§ **Data in this exercise**:

----

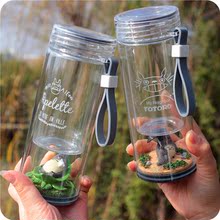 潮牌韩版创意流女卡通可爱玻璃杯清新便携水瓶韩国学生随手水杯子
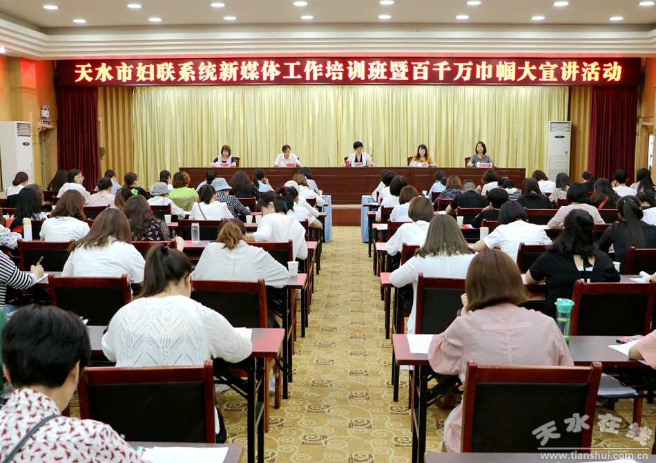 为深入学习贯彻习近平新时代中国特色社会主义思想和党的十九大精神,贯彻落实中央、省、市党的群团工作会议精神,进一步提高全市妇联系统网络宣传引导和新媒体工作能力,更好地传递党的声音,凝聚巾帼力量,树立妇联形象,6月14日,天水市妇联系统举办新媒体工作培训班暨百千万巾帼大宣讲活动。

----

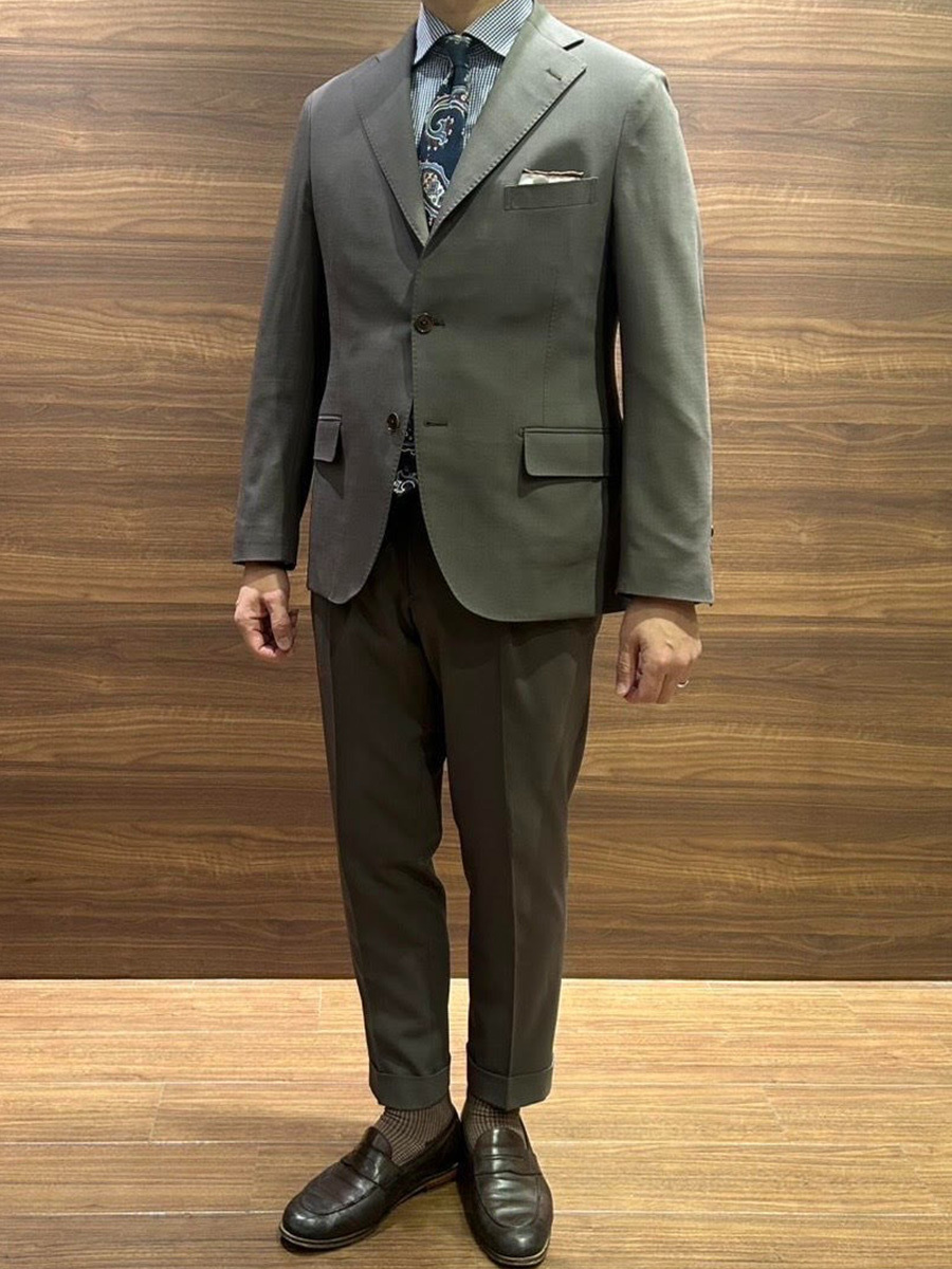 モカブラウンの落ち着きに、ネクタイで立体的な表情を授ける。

----

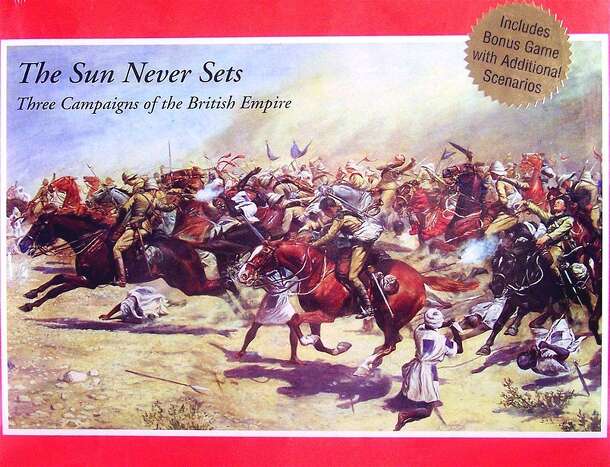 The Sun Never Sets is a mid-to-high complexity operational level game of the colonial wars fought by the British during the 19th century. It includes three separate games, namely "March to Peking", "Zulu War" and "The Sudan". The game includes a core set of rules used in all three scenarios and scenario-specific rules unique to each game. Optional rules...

----

§ **Task description**:
Having found the line with "潮牌韩版创意流女卡通可爱玻璃杯清新便携水瓶韩国学生随手水杯子" and the line with "为深入学习贯彻习近平新时代中" in the material above, write out exactly those two and every line between, leaving the pictures out.

§ **Expected answer**:
 潮牌韩版创意流女卡通可爱玻璃杯清新便携水瓶韩国学生随手水杯子
 为深入学习贯彻习近平新时代中国特色社会主义思想和党的十九大精神,贯彻落实中央、省、市党的群团工作会议精神,进一步提高全市妇联系统网络宣传引导和新媒体工作能力,更好地传递党的声音,凝聚巾帼力量,树立妇联形象,6月14日,天水市妇联系统举办新媒体工作培训班暨百千万巾帼大宣讲活动。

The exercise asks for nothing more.